Between the underweight and normal weight groups, the association between the BMI and clinical outcomes was consistent regardless of the presence of diabetes. However, better outcomes in overweight to obese over normal weight were observed only in diabetic patients. These results suggest that the association between BMI and clinical outcomes may differ according to the diabetic status.

摘要

背景与目的

我们评估了糖尿病对接受药物洗脱支架植入的经皮冠状动脉介入治疗(PCI)患者体重指数(BMI)与临床结局之间关系的影响。

方法

从韩国多中心血管成形术团队牵头的五个不同登记处选取了总共6688例接受PCI的患者。
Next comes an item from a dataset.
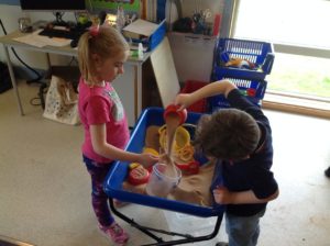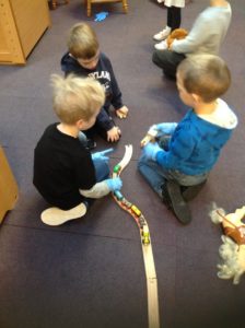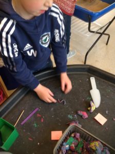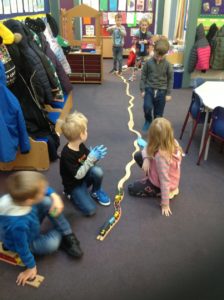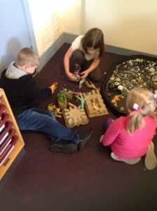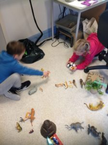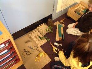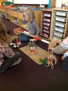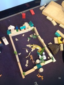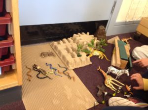 We began by adding some “mountains” to the animals’ enclosures using materials around the classroom.

根据BMI将他们分为以下几组:体重过轻(<18.5kg/m²)、正常体重(18.5 - 24.9kg/m²)、超重至肥胖(≥25.0kg/m²)。根据BMI类别(体重过轻、正常和超重至肥胖组)和糖尿病状态比较主要不良心脑血管事件(MACCE),MACCE定义为死亡、非致命性心肌梗死、中风和靶血管血运重建的综合情况。所有受试者均完成了1年的随访。

结果

在6688例患者中,2561例(38%)患有糖尿病。体重过轻组与正常体重组相比,在非糖尿病患者(调整后的风险比[HR],2.24;95%置信区间[CI],1.04 - 4.84;p = 0.039)和糖尿病患者中(调整后的HR,2.86;95%CI,1.61 - 5.07;p < 0.001)1年MACCE发生率均更高。超重至肥胖组在糖尿病患者中的MACCE发生率低于正常体重组(调整后的HR,0.67[0.49 - 0.93]),但在非糖尿病患者中并非如此(调整后的HR,1.06[0.77 - 1.46]),存在显著交互作用(p交互作用 = 0.025)。

结论

在体重过轻和正常体重组之间,无论是否存在糖尿病,BMI与临床结局之间的关联是一致的。然而,仅在糖尿病患者中观察到超重至肥胖组的结局优于正常体重组。这些结果表明,BMI与临床结局之间的关联可能因糖尿病状态而异。